Bible study lessons, encouragement, prayer, revival, sermon

Pink slip…

Trust in the Lord with all thine heart; and lean not unto thine own understanding. In all thy ways acknowledge him, and he shall direct thy paths. Be not wise in thine own eyes: fear the Lord , and depart from evil. — Proverbs 3:5‭-‬7 KJV

Today, the Lord gave me the above scripture. I had no idea what all would come along with it, but I knew it was filling me up. Today as I waited on the Lord he allowed me to spend time in the book of 1 Corinthians. He allowed me to study the entire book [again]. I’m grateful he did. Everything I read about is currently where he has brought me to. One of the things he said to me which did exactly as it says was this:

I am glad of the coming of Stephanas and Fortunatus and Achaicus: for that which was lacking on your part they have supplied. For they have refreshed my spirit and yours: therefore acknowledge ye them that are such. — 1 Corinthians 16:17‭-‬18 KJV

For those of us that choose to answer God’s call and go forth to preach and teach the gospel [full time], there will be some hills and mountains and ditches you will have to get through. But again, be encouraged and remember what God tells you,

Acknowledge him in ALL your ways.

Do you see that pink paper in the back? Let’s call it the pink slip. I applied online for a job. I have not applied for work for 9 years. I’ve been faithfully devoted and dedicated to fulfilling the work of the ministry. I have had all types of attacks come against me to try and derail me, but yet the Lord kept me going. I’ve experienced a cheating spouse, eviction, my oldest son turning to drugs and the street and having me falsely arrested and jailed, my grandmother dying, 2 births and 1 birth to a stillborn, friends distancing themselves, people saying they will help me and later saying it’s too much, and of course the one that started it all; being stabbed thirteen times and my body enduring a collapsed lung, spinal damage and nerve damage; and being denied disability benefits although I’ve worked since the age of 14.

I don’t list those things for pity or to defame my Lord and Savior. By no means no. I list them to praise the Lord for sustaining me through all of those storms. When it looked as if it was a wrap, God came in and saved the day again and again and again. That’s who he is — Our Saviour! Our Father; Our Lord; Our Redeemer. Our very present help in time of need.

So today, I told God that if he needs for me to return to a 9 to 5 for now in order for me to do the work he has called me to do, then I am all his and I am willing to do that. It’s not from a place of unbelief. It’s from a place of surrender. I want the Lord to use me however he may need to in order for his will to go forth. While there is a few obstacles blocking me from working a regular job, I believe God so much that I know only he would be the one to allow me to work any job, so I surrendered it all to him. I promised God I would no longer complain, but that I would only pray; pray without ceasing. Is this what I believe God wants for me to do? The answer is no. However, I believe that any child will be willing to help their Father in anyway they can when they see a need.

God knows my heart and he sees it. I cried and then began to fill out the application on line. When I finish I went back to prayer. I am believing for a major miracle right now. For us to have a home to live and until then for us to be able to pay for this hotel room. But my prayer doesn’t stop there. I’m praying for the people to return to the Lord and submit to his ways. To not be afraid. To draw closer to God and learn of him. To acknowledge him and walk in his ways. To be like Jesus. I’m praying for family members, friends, and people I’ve met along the way. In praying for God’s people to wake up and arise in the Spirit of the Lord. Not for me [God knows my heart] but for God, our Father.

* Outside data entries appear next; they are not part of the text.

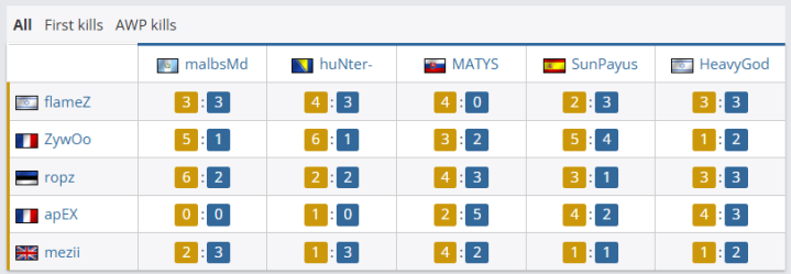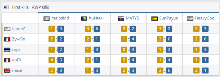 上半场G2选择防守方开局。手枪局失利后,G2强起失败进入经济局。第四局,Sunpayus大狙前压送出首杀,Vitality爆弹A区打成三打三守包残局,ZywOo双杀Vitality连续得分。第五局,Vitality进攻B区,hunter关键三杀,G2拿到第一分。第八局,双方工地交火G2打出一换二,Vitality进攻B区失败,G2扳平比分。第十一局,Vitality提速B区ZywOo首杀破局,ropz三杀Vitality追回一分。上半场双方战成6-6平。
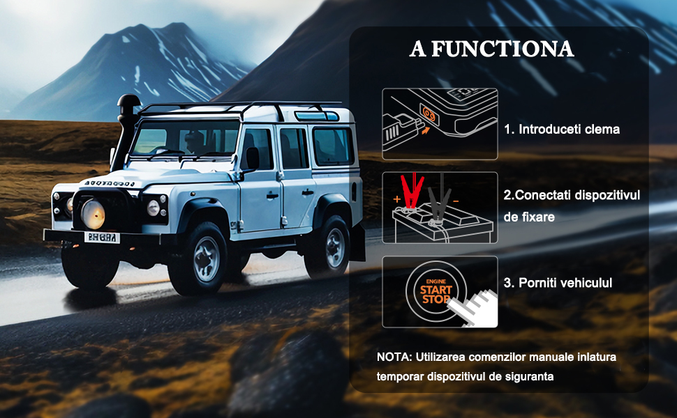 1. Conectati sursa de alimentare si introduceti stecherul in starter auto multifunctional 2. Conectati clema placii de nichel la baterie 3. Porniti vehiculul NOTA: Utilizarea comenzilor manuale inlatura temporar dispozitivul de siguranta |
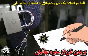 یکی از شهروندان بهایی ساکن استان مازندران که محل کسب او همراه با تعداد پرشماری از دیگر بهاییان این استان پلمب شده به استاندارد این استان نامه ای سرگشاده نوشته است. وی دلیل این نوع نامه نگاری را عدم موفقیت در کسب فرصت ملاقات با این مقام مسئول عنوان داشته است. این شهروند بهایی در قسمتی از نامه خود آورده است “بستن مغازه های اشخاص زحمت کش وصدیقی چون بهاییان که صرفا به دلیل اعتقادشان به آیین بهایی ، مشمول چنین مجازات هایی می شوند – که درجهان امروز منحصربفرد به نظرمی رسد – نه تنها برخلاف همه ی قوانین حقوق بشری و میثاق های بین المللی – که مورد قبول ایران نیز قرار گرفته – می باشد بلکه از نظر قوانین داخلی و شرع مبین اسلام نیز دررابطه با حقوق شهروندی مخالفت و مغایرت تام داشته و دارد.”
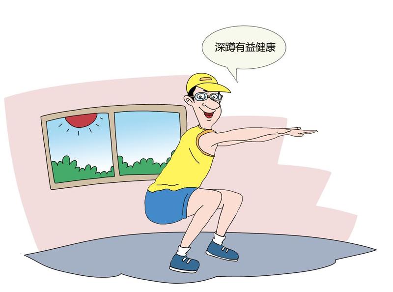 深蹲要领:立正站好,两脚与肩同宽,自然呼吸;下蹲,同时呼气,两手向前自然平伸至水平位,下蹲时膝盖不要超过脚尖,如果超出会加大膝关节压力,容易伤关节,可以想象后面有个幼儿园小孩坐的小凳子,有人说,请坐,你背部挺直前倾坐下去。起身,双臂下放至腿边,同时吸气,连续做十几次试试,做不动了不要坚持。可以在家里到处走走,几分钟后,到床上或沙发上做仰卧起坐。
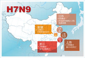 據中國疾病預防控制中心的統計,截至7日17時,全國共發現20例人感染H7N9禽流感確診病例,集中在上海、江蘇、浙江、安徽等地。其中7日上海市新確診2例人感染H7N9禽流感病例,均在救治中。至此,上海共發現10例人感染H7N9禽流感確診病例,其中死亡4例。
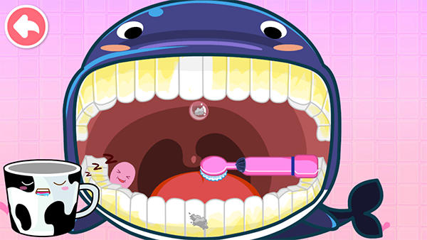 2、接下來,讓寶寶操控牙刷幫助鯨魚把它的牙齒刷干凈,把細菌和牙垢都刷掉;在游戲中,寶寶需要用手指滑動屏幕,控制牙刷在鯨魚的牙齒上來回刷動;通過這樣的操作,寶寶可以感受到刷牙的樂趣,并且了解到刷牙的重要性;

The Lord has given me my next assignment and so I understand the attacks. Anything to try and tempt me to walk away from going forth and leading this Revival. But no matter what, I’m not quitting. No matter how much longer it may take me, I’m going to obey my Father and do what he says.

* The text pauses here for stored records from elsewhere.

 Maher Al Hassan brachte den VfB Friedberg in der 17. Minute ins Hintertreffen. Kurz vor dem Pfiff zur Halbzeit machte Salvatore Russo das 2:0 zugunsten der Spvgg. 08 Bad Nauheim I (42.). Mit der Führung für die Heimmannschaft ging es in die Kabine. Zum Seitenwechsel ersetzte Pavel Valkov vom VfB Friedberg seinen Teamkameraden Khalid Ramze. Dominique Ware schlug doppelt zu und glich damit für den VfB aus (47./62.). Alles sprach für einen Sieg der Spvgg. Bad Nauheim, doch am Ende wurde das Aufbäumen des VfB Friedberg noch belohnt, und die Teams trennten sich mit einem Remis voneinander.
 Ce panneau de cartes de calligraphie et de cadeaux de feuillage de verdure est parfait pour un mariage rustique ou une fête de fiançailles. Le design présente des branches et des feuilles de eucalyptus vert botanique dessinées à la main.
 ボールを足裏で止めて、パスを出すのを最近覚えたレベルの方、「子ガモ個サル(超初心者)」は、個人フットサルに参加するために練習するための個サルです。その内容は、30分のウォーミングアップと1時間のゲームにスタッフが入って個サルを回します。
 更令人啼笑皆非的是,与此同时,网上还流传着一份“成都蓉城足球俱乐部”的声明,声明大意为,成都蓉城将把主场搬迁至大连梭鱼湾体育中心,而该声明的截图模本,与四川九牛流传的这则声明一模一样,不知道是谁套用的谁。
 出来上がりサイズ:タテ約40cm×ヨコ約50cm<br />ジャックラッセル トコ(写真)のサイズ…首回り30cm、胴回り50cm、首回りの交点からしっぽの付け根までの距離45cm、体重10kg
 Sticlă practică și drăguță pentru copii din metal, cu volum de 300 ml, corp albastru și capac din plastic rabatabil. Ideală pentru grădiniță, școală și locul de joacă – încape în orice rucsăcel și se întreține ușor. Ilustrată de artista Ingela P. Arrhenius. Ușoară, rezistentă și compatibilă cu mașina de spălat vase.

I’m believing for the Lord to send my ministering angels. I know they are on the way. While I wait for tonight to be paid in full, I will continue to serve the Lord by sitting at his feet like Mary and listening to him as I study and meditate and fast and pray. It’s turning around. He will refresh my spirit. He is Lord.

I know the song says, “Nobody told me the road would be easy…” but I don’t agree. Jesus tells me in the Holy Bible, [it is written]

For my yoke is easy, and my burden is light. — Matthew 11:30

IT’S TIME — TIME FOR REVIVAL!

Be encouraged. Be inspired. Be who God created you to be.